The repository includes an example docker-compose.yml and Asterisk configuration files under examples/pipecat_asterisk/ to spin up a local testing environment. See the source repository for details.

Configuration

AsteriskFrameSerializer is constructed with a single optional parameter:
sample_rate
int
default:"0"
Sample rate in kHz used by the Asterisk channel. When left at 0, it is populated during setup or from the Asterisk MEDIA_START event. Supported slin sample rates are 12, 16, 24, 32, 44, 48, 96, 192, 128 kHz.
This serializer does not use the Pipecat Settings dataclass pattern.

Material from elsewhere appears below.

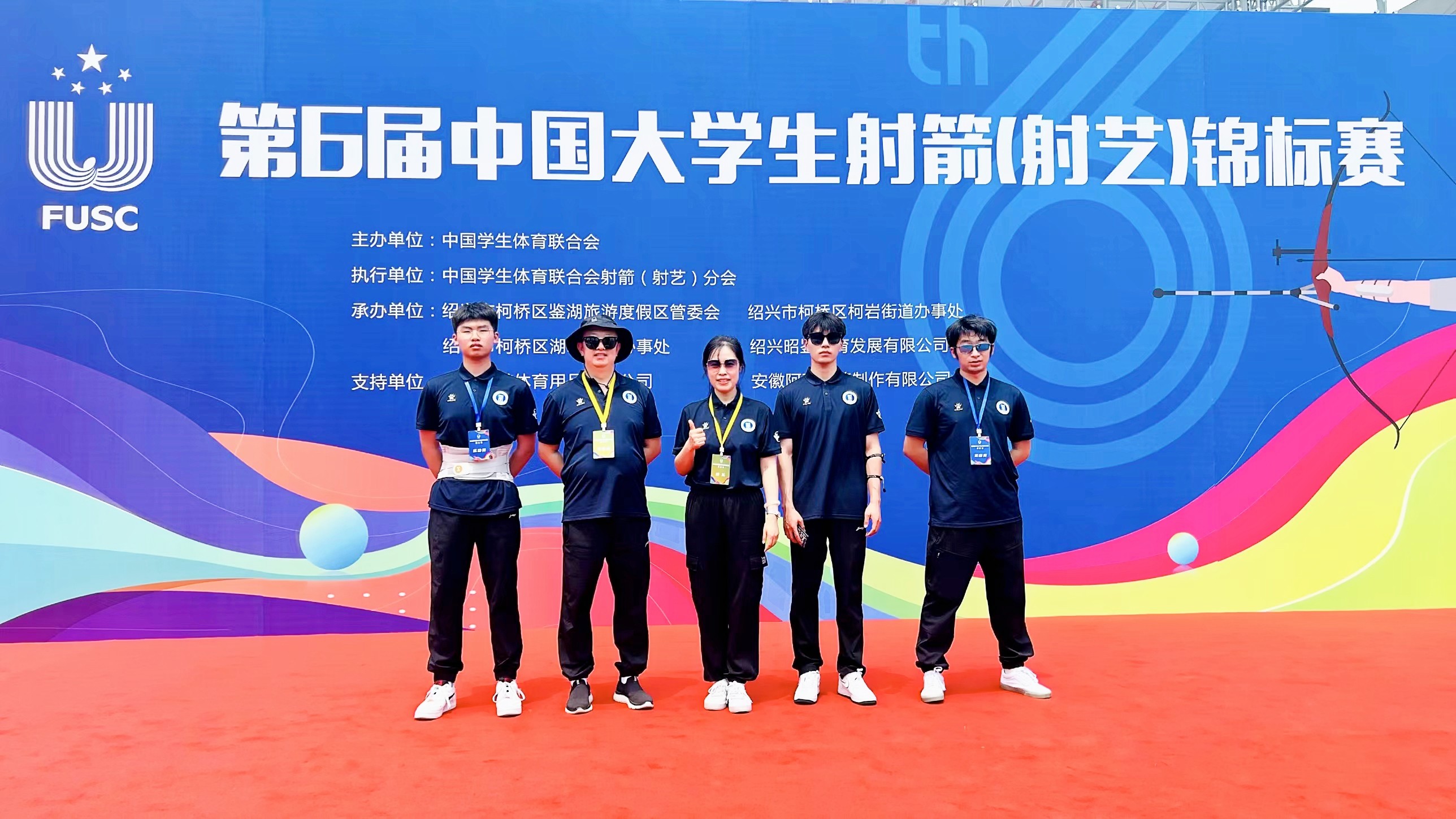 注:第六届大学生射箭(射艺)锦标赛由中国学生体育联合会主办,全国72所高校的420余名运动员参赛,我校射箭队强化日常训练,研究比赛策略,凭借精湛的射箭技艺和沉稳冷静的心理素质斩获佳绩。
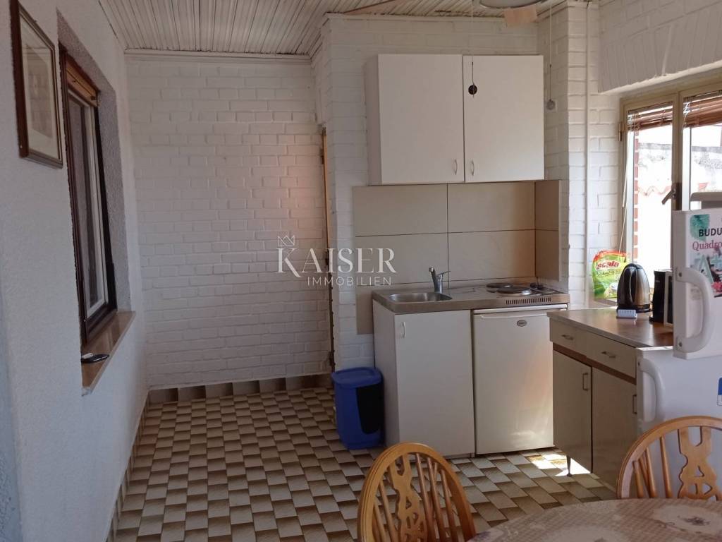 Kaiser Immobilien presents a house with three apartments and a beautiful panoramic view in Senj. The house is located in a beautiful and quiet location, and consists of three residential units. The basement consists of a hallway, a room, a kitchen, a dining room, a bathroom and a toilet, as well as a veranda and a garden of 10 m2. On the ground floor there are three rooms, living room, kitchen, dining room, two bathrooms and two terraces of 6 and 8 m2. The first floor is unfurnished, has 50 m2, and a large terrace of 30 m2, so the buyer has the option to arrange the floor according to his wishes. A property worthy of attention. The documentation is in order. Feel free to contact me.

See the source repository for the authoritative, up-to-date implementation.

Usage

Pass the serializer to a FastAPIWebsocketTransport through FastAPIWebsocketParams, then build your pipeline as usual:
from fastapi import WebSocket
from pipecat.pipeline.pipeline import Pipeline
from pipecat.pipeline.task import PipelineTask
from pipecat.transports.websocket.fastapi import (
    FastAPIWebsocketTransport,
    FastAPIWebsocketParams,
)
from pipecat_asterisk import AsteriskFrameSerializer


async def run_bot(websocket: WebSocket):
    transport = FastAPIWebsocketTransport(
        websocket=websocket,
        params=FastAPIWebsocketParams(
            serializer=AsteriskFrameSerializer(),
            audio_in_enabled=True,
            audio_out_enabled=True,
        ),
    )

    pipeline = Pipeline(
        [
            transport.input(),
            # ... VAD, STT, LLM, TTS, etc.
            transport.output(),
        ]
    )

    task = PipelineTask(pipeline)
    # ... run the pipeline
The package also ships an AsteriskWebsocketTransport, which wraps this serializer together with flow-control logic for managing buffer utilization between Pipecat and Asterisk. See the source repository for the full example.

Compatibility

Tested with Pipecat v1.1.0 and Python 3.12+. Check the source repository for the latest tested version and changelog.